__WORK REQUIRED__: Copy everything in the listing below word for word, apart from any images.

__PROVIDED DATA__:
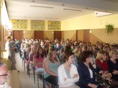 Po przerwie wszyscy uczniowie i nauczyciele obejrzeli prezentację multimedialną,
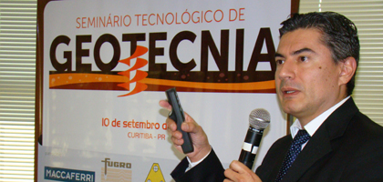 Estabilidade de taludes, erosão de solo, fundações, ensaios de campo, monitoramento a laser de áreas para fins de mapeamento e ocorrências carste foram alguns dos temas abordados no Seminário Tecnológico de Geotecnia, ocorrido no dia 10 de setembro de 2013 em Curitiba, no Paraná. O evento foi organizado pelo Instituto de Tecnologia para o Desenvolvimento (Lactec) e contou com as palestras de reconhecidos profissionais, dentre eles o secretário geral da ABMS e professor da Universidade Federal do Paraná, Alessander C. Morales Kormann, e o ex-presidente do Comitê de Mecânica das Rochas da ABMS, Milton Kanji. (Na foto: Alessander Kormann durante palestra)
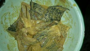 彩虹鲷杀好洗净,两面斜着划几刀,方便入味,撒点盐,一点料酒,腌制十分钟

__RESPONSE AREA__:
 Po przerwie wszyscy uczniowie i nauczyciele obejrzeli prezentację multimedialną,
 Estabilidade de taludes, erosão de solo, fundações, ensaios de campo, monitoramento a laser de áreas para fins de mapeamento e ocorrências carste foram alguns dos temas abordados no Seminário Tecnológico de Geotecnia, ocorrido no dia 10 de setembro de 2013 em Curitiba, no Paraná. O evento foi organizado pelo Instituto de Tecnologia para o Desenvolvimento (Lactec) e contou com as palestras de reconhecidos profissionais, dentre eles o secretário geral da ABMS e professor da Universidade Federal do Paraná, Alessander C. Morales Kormann, e o ex-presidente do Comitê de Mecânica das Rochas da ABMS, Milton Kanji. (Na foto: Alessander Kormann durante palestra)
 彩虹鲷杀好洗净,两面斜着划几刀,方便入味,撒点盐,一点料酒,腌制十分钟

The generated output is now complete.